▶ [DATA FOR THIS TASK]
= Beginning of Section =
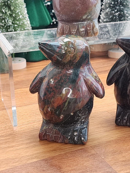 Crystal Penguin: Ocean Jasper & Silver Sheen Obsidian Holiday Decor
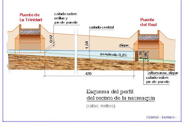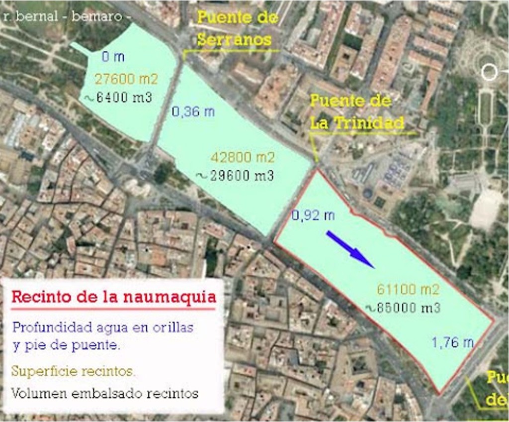 La primera iniciativa en este sentido fue la Naumaquia de 1755, para conmemorar, mediante la recreación de una batalla naval, el tercer centenario de la canonización de San Vicente Ferrer. Para ello se habilitó un recinto, entre los puentes de la Trinidad y del Real, colocando una serie de diques en el puente del Real, para contener el agua hasta una determinada cota, creando una zona inundada, en la que se recreó una batalla naval, que fue todo un acontecimiento para la época.
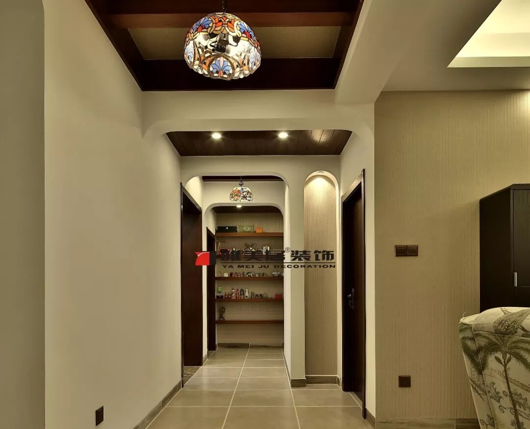 過道上方如果有橫梁的話,可以安裝吊頂,最好選擇簡潔流暢的圖案;或是利用板材來裝飾頂面,同時要與整體設(shè)計先協(xié)調(diào),以免感到壓抑。
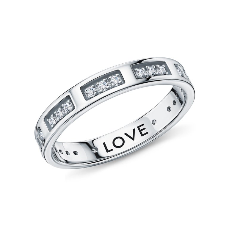 Кольцо с 8 бриллиантами природными, 0.118 карат, огранка круг 57 граней, цвет 3, чистота 6, тип огранки А; 15 бриллиантами природными, 0.106 карат, огранка круг 57 граней, цвет 3, чистота 6, тип огранки А; эмаль черная; Белое золото 585 пробы.
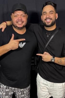 O empresário Anderson Buxexa comemorando o sucesso do “Verão Praia Tibau” ao lado do cantor Henry Freitas.
= End of Section =
▶ [WHAT THE EXERCISE ASKS] Render the records above word for word and leave the pictures out.

▶ [ANSWER TO THE EXERCISE]
 Crystal Penguin: Ocean Jasper & Silver Sheen Obsidian Holiday Decor
 La primera iniciativa en este sentido fue la Naumaquia de 1755, para conmemorar, mediante la recreación de una batalla naval, el tercer centenario de la canonización de San Vicente Ferrer. Para ello se habilitó un recinto, entre los puentes de la Trinidad y del Real, colocando una serie de diques en el puente del Real, para contener el agua hasta una determinada cota, creando una zona inundada, en la que se recreó una batalla naval, que fue todo un acontecimiento para la época.
 過道上方如果有橫梁的話,可以安裝吊頂,最好選擇簡潔流暢的圖案;或是利用板材來裝飾頂面,同時要與整體設(shè)計先協(xié)調(diào),以免感到壓抑。
 Кольцо с 8 бриллиантами природными, 0.118 карат, огранка круг 57 граней, цвет 3, чистота 6, тип огранки А; 15 бриллиантами природными, 0.106 карат, огранка круг 57 граней, цвет 3, чистота 6, тип огранки А; эмаль черная; Белое золото 585 пробы.
 O empresário Anderson Buxexa comemorando o sucesso do “Verão Praia Tibau” ao lado do cantor Henry Freitas.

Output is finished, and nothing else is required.